Maireana diffusa

Scientific classification
- Kingdom: Plantae
- Clade: Tracheophytes
- Clade: Angiosperms
- Clade: Eudicots
- Order: Caryophyllales
- Family: Amaranthaceae
- Genus: Maireana
- Species: M. diffusa
- Binomial name: Maireana diffusa Paul G.Wilson

= Maireana diffusa =

- Genus: Maireana
- Species: diffusa
- Authority: Paul G.Wilson

Species of plant in the amaranth family

Maireana diffusa is a species of flowering plant in the family Amaranthaceae, and is endemic to Western Australia. It is an erect or straggly, widely branched shrub with oval leaves, the narrower end towards the base, and longer cigar-shaped leaves, bisexual flowers arranged singly, and a top-shaped fruiting perianth with fan-shaped wings.

==Description==
Maireana diffusa is an erect or straggly, widely branched shrub that typically grows to a height of up to 1 m and has slender branchlets covered with a few woolly hairs when young. The leaves on short side branches are arranged alternately, oval with the narrower end towards the base, about 3 mm long. The leaves on the erect branches are narrowly cigar-shaped, up to 15 mm long. Its flowers are bisexual and are arranged singly and glabrous, with two bracteoles 0.7 mm long at the base. The fruiting perianth has a thin-walled tube about 2 mm in diameter with 5 thin, fan-shaped wings about 2 mm long.

==Taxonomy==
Maireana diffusa was first formally described in 1975 by Paul Wilson in the journal Nuytsia from specimens he collected near Cowcowing Lakes in 1968. The specific epithet (diffusa) means 'spread out' or 'diffuse'.
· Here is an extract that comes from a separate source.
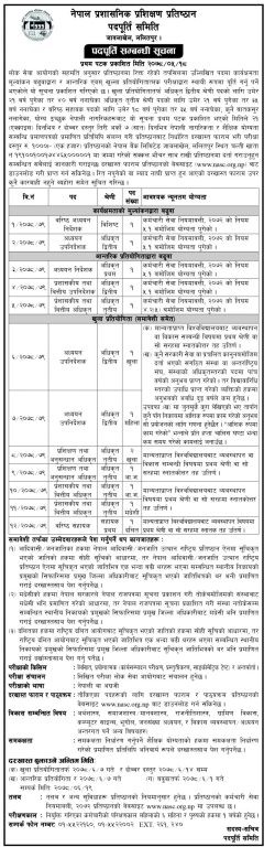 नेपाल प्रशासनिक प्रशिक्षण प्रतिष्ठानले बढुवाद्वारा र आन्तरिक एवं खुल्ला प्रतियोगितात्मक परिक्षाद्वारा पदपूर्ति गर्नेगरी दरखास्त आह्वान गरेको छ ।

==Distribution and habitat==
This species of Maireana grows in saline soils near salt lakes between Dalwallinu and Merredin in the Avon Wheatbelt, Coolgardie and Murchison bioregions of Western Australia.

==Conservation status==
Maireana diffusa is listed as "not threatened" by the Government of Western Australia Department of Biodiversity, Conservation and Attractions.